Waterfall on Raven Fork. Not easy to get here!

When they put this hike on the Smoky Mountains Hiking Club schedule, the Program Committee members must have been thinking, “Hot July day.  Beautiful cool stream.  A pleasant rockhop.”  Under low water conditions, that would probably be a good description.  But we hiked it the morning after a heavy rain….

Because of the conditions, it took between five and six hours to travel  the 2.3 miles of the stream we went up, as far as I can remember.  But I finished it within an hour of the fastest time, and Steve Higdon’s “For the Record” report said there was a three-hour gap between when the first hiker completed the section and when the last one arrived.  That means it must have taken some people upwards of eight hours.  (If anyone who reads this remembers more of the details, I’d welcome your comment!)  Our leaders were there in the stream until everyone came through, which allowed most of the rest of us to get back to our cars and go home.

The leaders were Steve and his athletic teenage son, Brad.  Steve’s  newsletter writeup recommended that we wear sneakers (for wading) and shorts.  “Any gear you bring should be protected from water and you should pack in a way as not to have cameras, books, etc. dangling from your person….”  I believe Steve would have opted for a substitute hike had he known what the conditions were going to be like that particular day, July 23, 1988.  The problem was that where we started, at the end of Big Cove in the Quallah Indian Reservation, the stream is relatively flat and not such hard going for the first bit.  By the time we had gotten up into the massive boulders and the deafening waterfalls, we were already committed.

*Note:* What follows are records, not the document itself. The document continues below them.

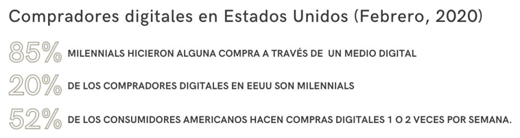 Sabemos que los millennials aman la tecnología al punto de considerar como indispensable a los asistentes virtuales. Según Statista (2022), el 20% de los consumidores estadounidenses que realizan compras por internet tienen un rango de edad de entre 25 a 34 años.
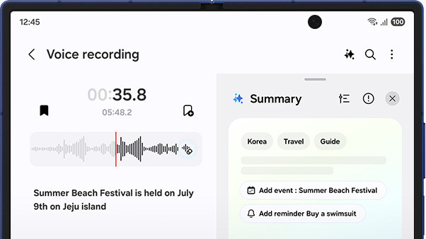 Функция Transcript Assist расшифровывает аудиозаписи и упорядочивает их в заметки, создавая удобные сводки. Galaxy AI даже предложит напоминания и расписание на основе содержания вашей записи.
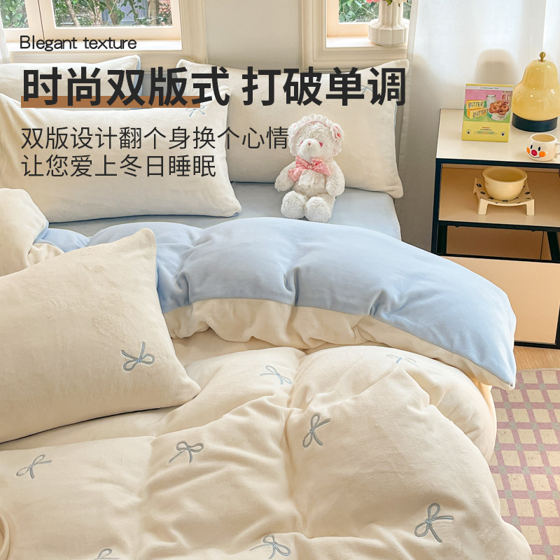 牛奶绒四件套加厚保暖无印良品
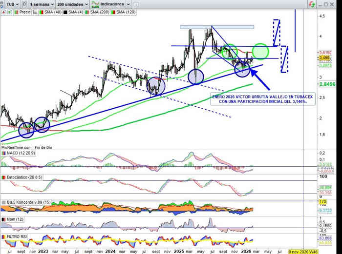3,49€, +0,72% esta semana. Paso a paso, el cierre de esta semana deja el valor asomando ya por encima de la referencia resistencia comentada clave inmediata que aportaría en confirmación por encima de los 3,47€ una nueva señal de apoyo o soporte de proyección estructural relevante, pero hay que confirmarla, en actuales credenciales técnico y fundamentales, sugerencia técnica que no tendría problema, y el más manipulativo en este valor en actual estructura alcista bajo mi punto de vista ya ha pasado, sobre los movimientos en el accionariado que ya hemos ido confirmando, tardaron, pero se hizo todo de manera muy técnica, y esto ahora lo refleja el mercado activando como vemos ya en relanzamiento alcista en tendencia importante Capital Inversor y movimientos en el accionariado muy esperados.
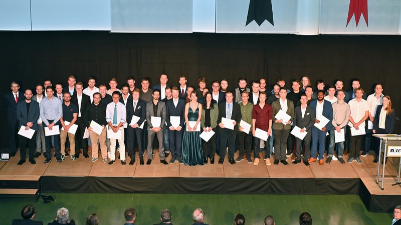 Die Diplompreise 2022 gingen in diesem Jahr an 21 Diplomandinnen und Diplomanden: jeweils die besten beiden Abschlussarbeiten jedes Studiengangs, sowie der mit 4000 Franken dekorierte regionale Siemens Excellence Award. Letzterer wurde an Robin Müller, Absolvent des Studiengangs Elektro- und Informationstechnik, überreicht. Er hat sich mit seiner Abschlussarbeit in die Welt des Quantencomputing gewagt und ein FPGA-basiertes Modul mitentwickelt, das den Kalibrierungsprozess von Qubits beschleunigt. Dabei handelt es sich um die kleinsten Recheneinheiten eines Quantencomputers, die – im Gegensatz zu herkömmlichen Bits – komplexe Zustände annehmen können. Sie können etwa gleichzeitig 1 und 0 sein, oder sich mit weiteren Qubits verschränken. Diese Zustände sind es, was Quantencomputer so leistungsfähig werden lassen. Sie können bestimmte Berechnungen, für welche ein heutiger Supercomputer Jahre benötigen würde, innerhalb weniger Sekunden lösen.

I’m not the most agile rockhopper.  Fear has been known to come into my soul when faced with the prospect of a long leap over roaring waters.  Countless little hesitations slow me down, but I tend to make up for the slowness by impressive speed when it comes to clambering over fallen trees, hanging onto branches, and slithering through cracks between rocks.  By the time I got into the heart of the gorge, I was entirely engaged in the problem-solving of the moment:  each challenge loomed up, engulfed, and receded in an endless absorbing flow of experience.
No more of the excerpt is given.